From the line containing "Défense ou sécurité?" through the last line of the data, return those lines exactly as written and nothing more.

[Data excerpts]
════

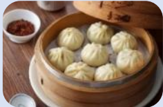
เที่ยง บริการอาหารกลางวัน ณ ภัตตาคาร เมนูพิเศษ!! เสี่ยวหลงเปา (5)

นำท่านนมัสการ วัดหลงซาน (Longshan Temple) เป็นวัดที่เก่าแก่และมีชื่อเสียงของคนไต้หวัน วัดแห่งนี้มีอายุราวๆ เกือบ 300 ปี ด้านหน้าตกแต่งด้วยเสามังกรทั้งชายและขวา เปรียบเสมือนกำลังปกป้องห้องโถงกลาง ในปี ค.ศ. 1740 เกิดความเสียหายครั้งใหญ่ทางวัดจึงได้รับการบูรณะหลายครั้ง ทั้งบานประตู คาน หลังคา และเสามังกรแกะสลักตระหง่านสวยงาม เป็นประติมากรรมที่มีความละเอียดอ่อนเป็นงานไม้ที่สวยงาม มีหนังสือจีนโบราณประดับตรงทางเข้าให้ความสัมผัสของวรรณกรรมนอกเหนือจากคุณค่าทางศรียังส่งเสริมการท่องเที่ยวอีกด้วย ปัจจุบันเป็นที่นิยมมาขอพรเรื่องการทำงาน การเรียน ที่สำคัญเรื่องความรัก เชื่อกันว่าใครที่ไม่ประสบความสำเร็จเรื่องความรัก ให้ขอพรกับเทพเจ้าจันทราที่วัดแห่งนี้ แล้วความรักจะกลับมาดีขึ้น
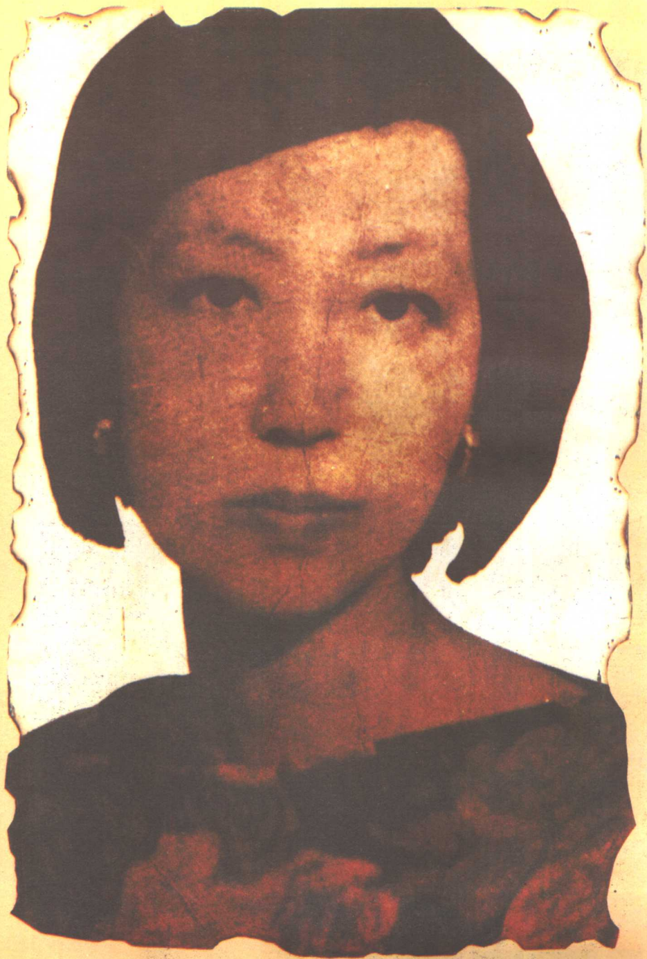
六十年代初摄于台湾。
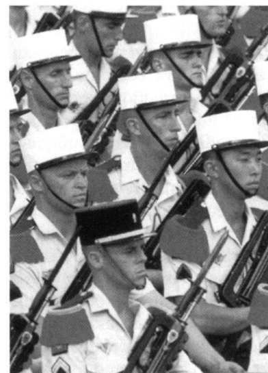
Défense ou sécurité?

ques dans le Caucase, en ex-Yougoslavie et en Afrique dans les années 1990, sans parler de l'interminable guerre israélo-arabe, nous avons une préfiguration de l'avenir. Des ethnies trop différentes ne peuvent cohabiter; de plus, l'islam conquérant ne veut que la première place. Même dans une société laïque de tradition chrétienne comme la France, l'islam est, non seulement la deuxième religion, mais il a réussi là où le catholicisme a échoué: il a cassé la laïcité. Alors qu'en France, les lois de 1936 interdisaient le port de marques religieuses à l'école publique, l'islam les a imposées avec le tchador. Certes, il a bénéficié de la complicité de certains membres du Conseil constitu-

════

#### [Solution for this task]
Défense ou sécurité?

ques dans le Caucase, en ex-Yougoslavie et en Afrique dans les années 1990, sans parler de l'interminable guerre israélo-arabe, nous avons une préfiguration de l'avenir. Des ethnies trop différentes ne peuvent cohabiter; de plus, l'islam conquérant ne veut que la première place. Même dans une société laïque de tradition chrétienne comme la France, l'islam est, non seulement la deuxième religion, mais il a réussi là où le catholicisme a échoué: il a cassé la laïcité. Alors qu'en France, les lois de 1936 interdisaient le port de marques religieuses à l'école publique, l'islam les a imposées avec le tchador. Certes, il a bénéficié de la complicité de certains membres du Conseil constitu-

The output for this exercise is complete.